▶ _Instructions to follow_
Every record that follows must be given again exactly.
- - - - -
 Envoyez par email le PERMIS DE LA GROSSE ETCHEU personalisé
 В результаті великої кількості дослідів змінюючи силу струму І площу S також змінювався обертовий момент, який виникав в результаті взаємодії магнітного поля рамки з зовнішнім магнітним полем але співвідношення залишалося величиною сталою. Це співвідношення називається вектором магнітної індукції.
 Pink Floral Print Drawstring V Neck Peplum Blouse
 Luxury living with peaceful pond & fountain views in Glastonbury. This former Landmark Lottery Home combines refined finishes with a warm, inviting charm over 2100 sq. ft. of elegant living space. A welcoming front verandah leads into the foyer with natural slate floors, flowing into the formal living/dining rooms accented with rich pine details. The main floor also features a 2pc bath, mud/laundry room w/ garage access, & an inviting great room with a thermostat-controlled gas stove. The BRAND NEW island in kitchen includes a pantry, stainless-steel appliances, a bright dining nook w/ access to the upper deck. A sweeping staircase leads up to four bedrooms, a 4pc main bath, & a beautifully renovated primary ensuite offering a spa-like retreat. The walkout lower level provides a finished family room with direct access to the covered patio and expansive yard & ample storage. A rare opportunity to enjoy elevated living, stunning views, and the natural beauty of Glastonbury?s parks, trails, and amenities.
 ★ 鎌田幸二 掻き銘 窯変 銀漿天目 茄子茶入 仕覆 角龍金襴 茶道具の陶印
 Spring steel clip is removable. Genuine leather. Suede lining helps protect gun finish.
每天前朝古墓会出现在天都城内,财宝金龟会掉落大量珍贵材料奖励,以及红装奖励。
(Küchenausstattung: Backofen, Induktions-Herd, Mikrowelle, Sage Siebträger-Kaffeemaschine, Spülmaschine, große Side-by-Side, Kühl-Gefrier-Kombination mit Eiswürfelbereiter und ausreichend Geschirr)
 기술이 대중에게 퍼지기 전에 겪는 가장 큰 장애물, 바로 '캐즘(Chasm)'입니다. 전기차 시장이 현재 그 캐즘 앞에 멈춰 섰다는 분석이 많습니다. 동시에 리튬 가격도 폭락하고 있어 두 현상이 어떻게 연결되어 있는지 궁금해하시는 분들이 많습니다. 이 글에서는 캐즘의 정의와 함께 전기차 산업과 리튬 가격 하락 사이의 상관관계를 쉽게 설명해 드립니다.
- - - - -
▶ _Reply to the task_
 Envoyez par email le PERMIS DE LA GROSSE ETCHEU personalisé
 В результаті великої кількості дослідів змінюючи силу струму І площу S також змінювався обертовий момент, який виникав в результаті взаємодії магнітного поля рамки з зовнішнім магнітним полем але співвідношення залишалося величиною сталою. Це співвідношення називається вектором магнітної індукції.
 Pink Floral Print Drawstring V Neck Peplum Blouse
 Luxury living with peaceful pond & fountain views in Glastonbury. This former Landmark Lottery Home combines refined finishes with a warm, inviting charm over 2100 sq. ft. of elegant living space. A welcoming front verandah leads into the foyer with natural slate floors, flowing into the formal living/dining rooms accented with rich pine details. The main floor also features a 2pc bath, mud/laundry room w/ garage access, & an inviting great room with a thermostat-controlled gas stove. The BRAND NEW island in kitchen includes a pantry, stainless-steel appliances, a bright dining nook w/ access to the upper deck. A sweeping staircase leads up to four bedrooms, a 4pc main bath, & a beautifully renovated primary ensuite offering a spa-like retreat. The walkout lower level provides a finished family room with direct access to the covered patio and expansive yard & ample storage. A rare opportunity to enjoy elevated living, stunning views, and the natural beauty of Glastonbury?s parks, trails, and amenities.
 ★ 鎌田幸二 掻き銘 窯変 銀漿天目 茄子茶入 仕覆 角龍金襴 茶道具の陶印
 Spring steel clip is removable. Genuine leather. Suede lining helps protect gun finish.
每天前朝古墓会出现在天都城内,财宝金龟会掉落大量珍贵材料奖励,以及红装奖励。
(Küchenausstattung: Backofen, Induktions-Herd, Mikrowelle, Sage Siebträger-Kaffeemaschine, Spülmaschine, große Side-by-Side, Kühl-Gefrier-Kombination mit Eiswürfelbereiter und ausreichend Geschirr)
 기술이 대중에게 퍼지기 전에 겪는 가장 큰 장애물, 바로 '캐즘(Chasm)'입니다. 전기차 시장이 현재 그 캐즘 앞에 멈춰 섰다는 분석이 많습니다. 동시에 리튬 가격도 폭락하고 있어 두 현상이 어떻게 연결되어 있는지 궁금해하시는 분들이 많습니다. 이 글에서는 캐즘의 정의와 함께 전기차 산업과 리튬 가격 하락 사이의 상관관계를 쉽게 설명해 드립니다.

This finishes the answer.